RECORDED INFORMATION –
- - -

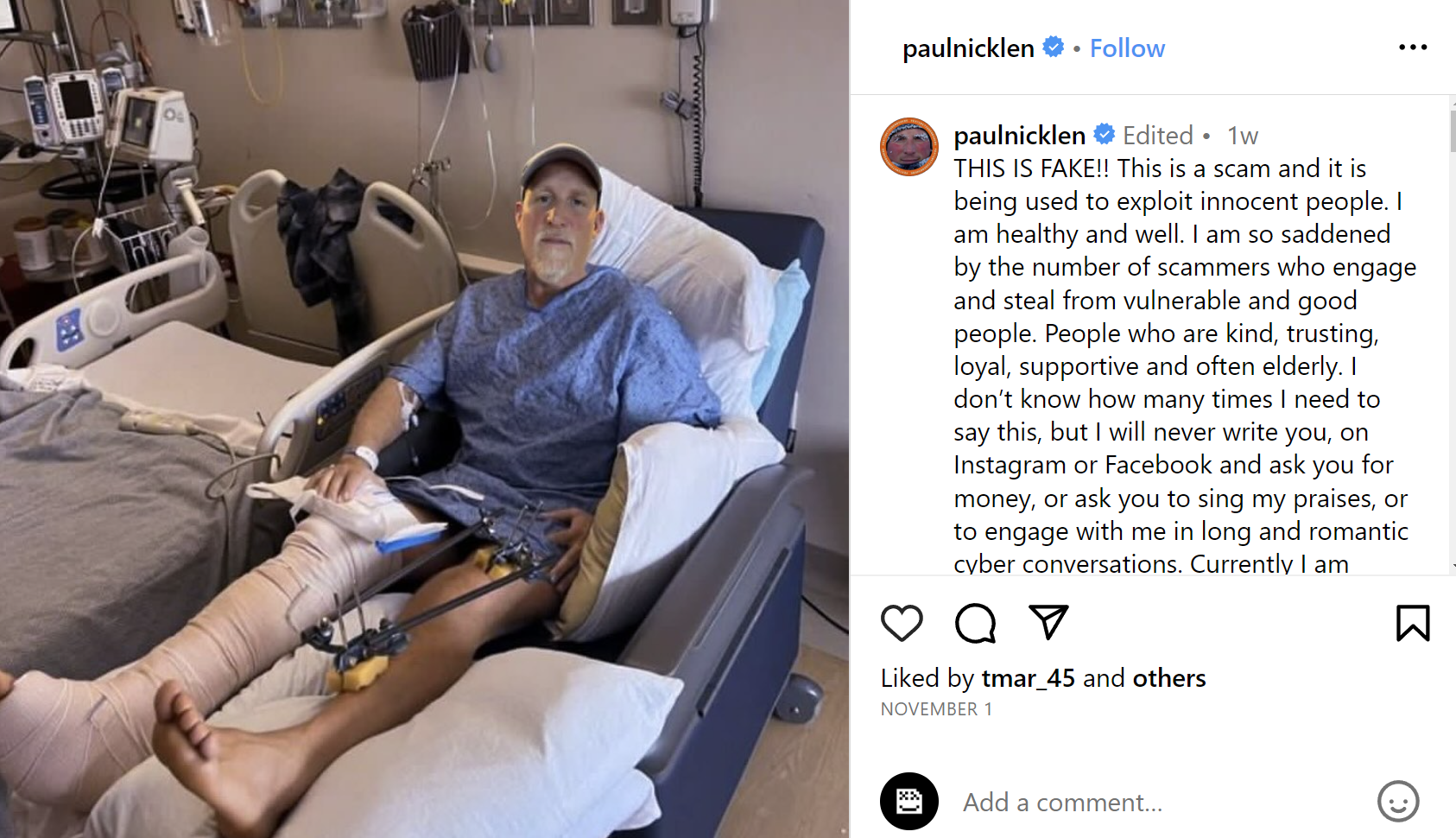 Nicklen posted it to Instagram: “THIS IS FAKE!! This is a scam and it is being used to exploit innocent people. I am healthy and well,” he wrote. It was the first time he addressed his ongoing battle against impersonation scammers publicly.
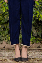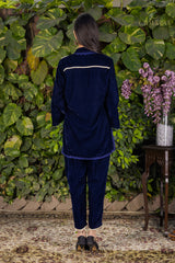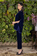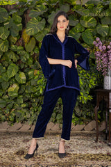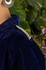 Chakkraa Nargis Co-ord Set is a stunning blue velvet coordinated set containing a gorgeous shirt with lace detailing & pearl detailing paired with straight pants with pearl lace detailing . Chakkraa Nargis Co-ord Set is comfortable yet stylish.
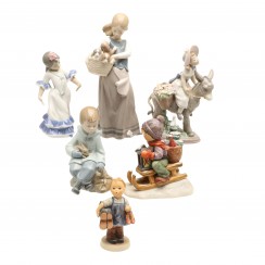 209524 - Фарфоровая фигура "Девочка со щенками в корзине". Lladro 336746 - Испанская танцовщица, высота 16,8 см, длина 10,2 см, ширина 7 см, Испания, Lladro 210689 - Фарфоровая фигура "Девочка на осле". Lladro 281007 - Мальчик с рюкзаком и кроликом, NLL_02001037 198886 - Мальчик с сапогами и ботинками, высота 12,8 см, диаметр основания 5,5 см, Германия, Goebel 361662 - Мальчик с елкой и фонарем на санках, высота 15 см, основание 14 х 8,4 см, HUM_396/1

- - -

EXERCISE DIRECTIONS – Drop the pictures and give every line above again exactly.

THE COMPLETED TASK –
 Nicklen posted it to Instagram: “THIS IS FAKE!! This is a scam and it is being used to exploit innocent people. I am healthy and well,” he wrote. It was the first time he addressed his ongoing battle against impersonation scammers publicly.
 Chakkraa Nargis Co-ord Set is a stunning blue velvet coordinated set containing a gorgeous shirt with lace detailing & pearl detailing paired with straight pants with pearl lace detailing . Chakkraa Nargis Co-ord Set is comfortable yet stylish.
 209524 - Фарфоровая фигура "Девочка со щенками в корзине". Lladro 336746 - Испанская танцовщица, высота 16,8 см, длина 10,2 см, ширина 7 см, Испания, Lladro 210689 - Фарфоровая фигура "Девочка на осле". Lladro 281007 - Мальчик с рюкзаком и кроликом, NLL_02001037 198886 - Мальчик с сапогами и ботинками, высота 12,8 см, диаметр основания 5,5 см, Германия, Goebel 361662 - Мальчик с елкой и фонарем на санках, высота 15 см, основание 14 х 8,4 см, HUM_396/1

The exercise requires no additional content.